Ein ganz besonderer Anziehungspunkt im Südwesten der Insel ist Corbière Lighthouse. Seit 1874 scheint das Licht dieses weißen Leuchtturms bei klarem Wetter über 30 Kilometer weit und warnt vor dem besonders felsigen Küstenabschnitt. Auch hier erleben wir das enorme Gezeitenspiel hautnah. Bei Ebbe kann man trockenen Fußes über einen kleinen Dammweg bis hinaus zum Turm laufen. Wenn die Flut naht, mahnt eine Sirene zum Rückweg. In kürzester Zeit ist der Übergang dann überspült.

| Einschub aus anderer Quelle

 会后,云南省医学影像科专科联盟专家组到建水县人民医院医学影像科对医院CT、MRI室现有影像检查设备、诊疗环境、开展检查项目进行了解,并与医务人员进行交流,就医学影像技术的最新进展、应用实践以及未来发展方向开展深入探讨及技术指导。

Ja, es lassen sich viele besondere Orte finden auf dieser 116 Quadratkilometer großen Insel, die nur von 100.000 Menschen bewohnt wird. Berlin ist knapp acht Mal so groß! Auf einer Anhöhe über der Bucht von St. Brelade liegt die wohl schönste Kirche der Insel. Aus Steinen vom Strand wurde im 11. und 12. Jahrhundert eine trutzige Pfarrkirche errichtet. Auch hier blühen Hortensien, und eine mächtige Eiche wirft ihren Schatten auf die Grabsteine, die das Gotteshaus umgeben. Wieder ein Ort der Ruhe und Besinnung.

Tipp: Pub-Besuch
Kein Besuch der Kanalinseln ohne einen zünftigen Abend im Pub. The Lamplighter ist ein knallrotes Lokal in der Mulcaster Street in St. Helier. Er rühmt sich, die größte Bierauswahl der Insel Jersey im Angebot zu haben und mehrere Cidre „on tap“, sprich „vom Faß“. Der typische Pub kommt ohne einen Kellner aus. Man bestellt direkt an der Bar und bezahlt die Zeche sofort.

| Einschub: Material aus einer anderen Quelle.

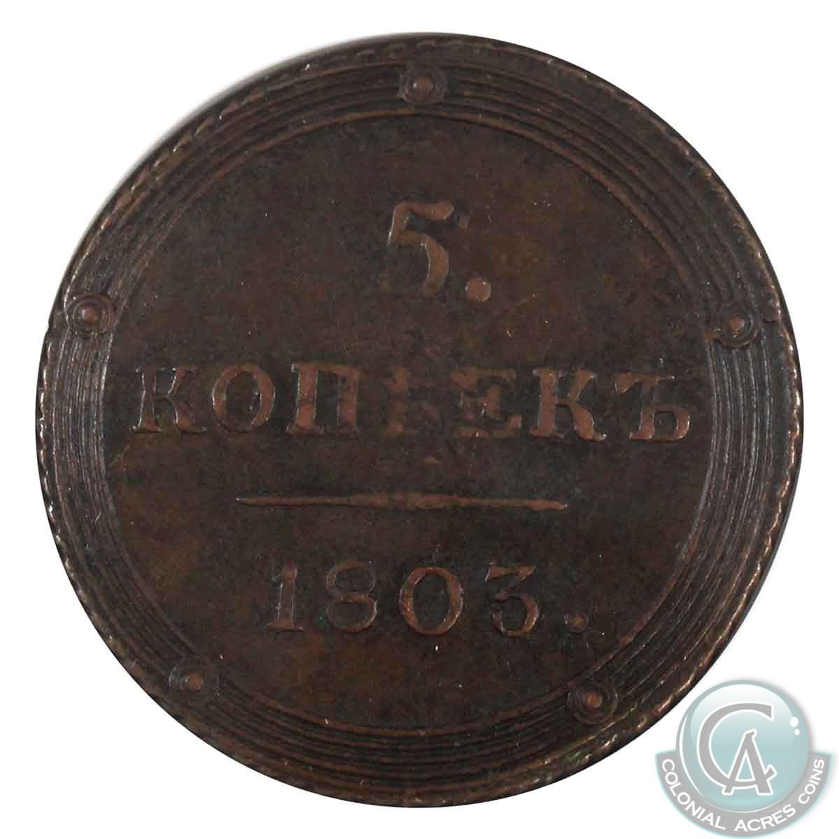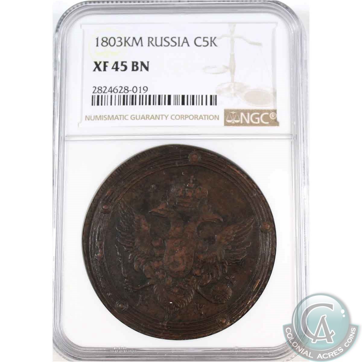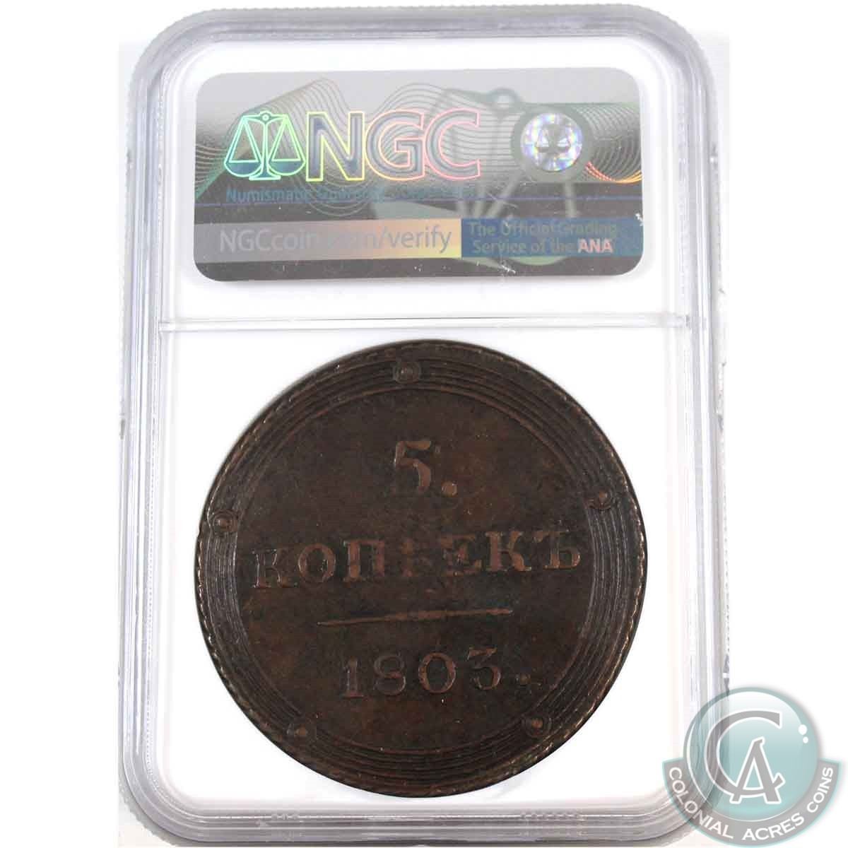 Russia 1803KM Copper 5 Kopeks NGC Certified XF-45 BN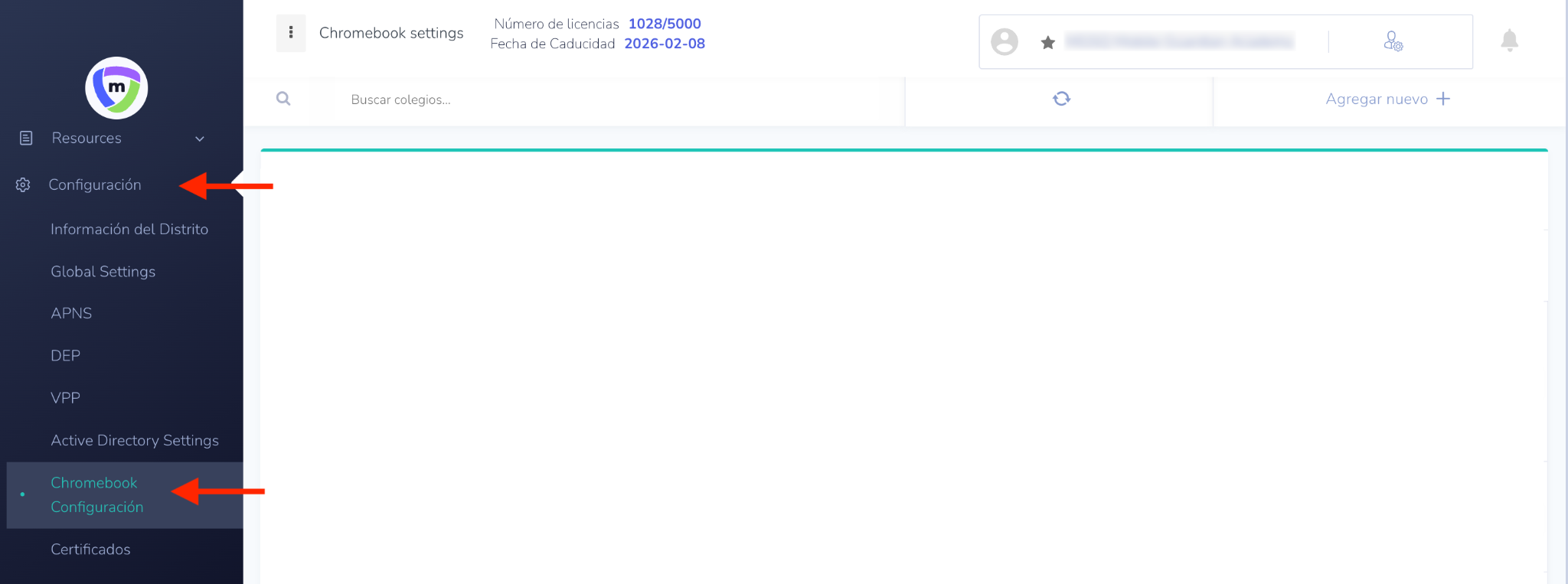 - Haga clic en el botón "Agregar nuevo+" para añadir el archivo de configuración de Chromebook.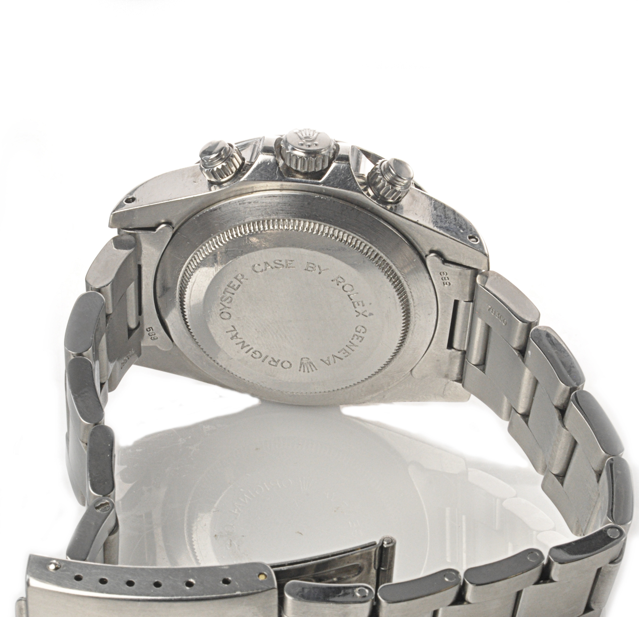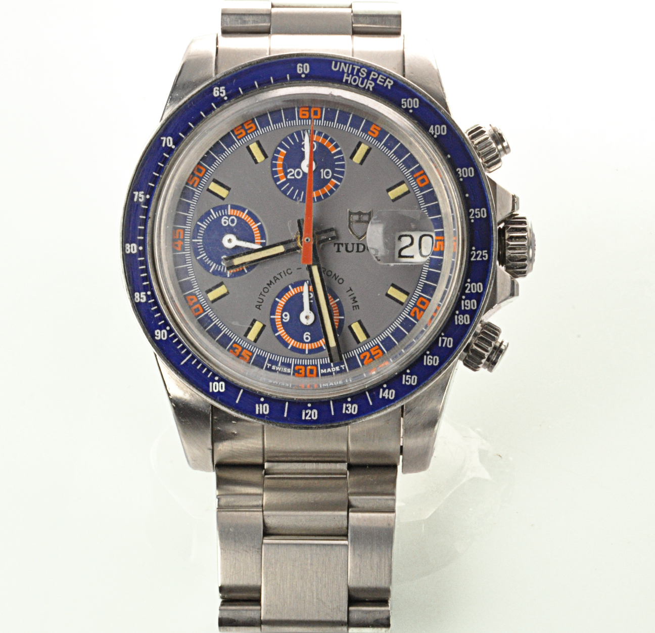 MK Personal Collection The present lot is part of a larger privately held collection and is intended for exhibition purposes only. Rare Tudor Big Block / Big Blue Tudor Chronograph Wristwatch Ref 79160 Circa 1980's. The watch has a three-body, polished and brushed, screwed-down case back, crown and buttons, black bezel with tachometer graduation to 500 UPH, Triplock winding crown protected by the crown guard, crystal with cyclops lens Serial # B440.784. High grade Swiss Automatic chronograph movement Cal 7750 rhodium-plated, 17 jewels, Glucydur balance, cam type fine adjusting device, shock protection for balance in good running condition topped with a original, Dial with applied steel baton indexes and luminous dots, outer 1/5th seconds scale, subsidiary dials for the seconds, the 30-minute and 12-hour registers, aperture for the date at three o'clock, high grade swiss . As you can see from the photos the watch is in overall very good condition.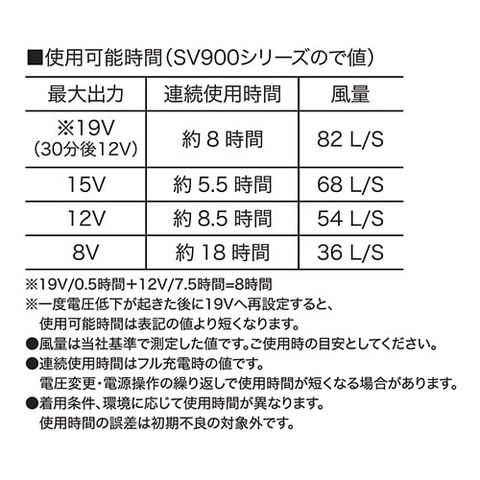 19V※ 連続使用時間:約8時間、風量:82L/s

Delikatessen in St. Helier
So erholsam kann Urlaub sein! Das Reisemobil einfach stehen lassen, mit Bus und Fahrrad in der Natur unterwegs sein oder die Wanderstiefel schnüren. Von unserem Campingplatz in der Nähe des kleinen Städtchens Rozel wandern wir auf einem Klippenpfad hinunter in die Bouley Bay. Hier fällt der Strand steil ab in die Tiefe. Früher nutzten Schmuggler die Bucht und ihre Höhlen, heute kann man Tauchern dabei zusehen, wie sie Jakobsmuscheln an Land bringen und fachmännisch ausnehmen. Die „Scallops“ findet man auf jeder Speisekarte als Spezialität.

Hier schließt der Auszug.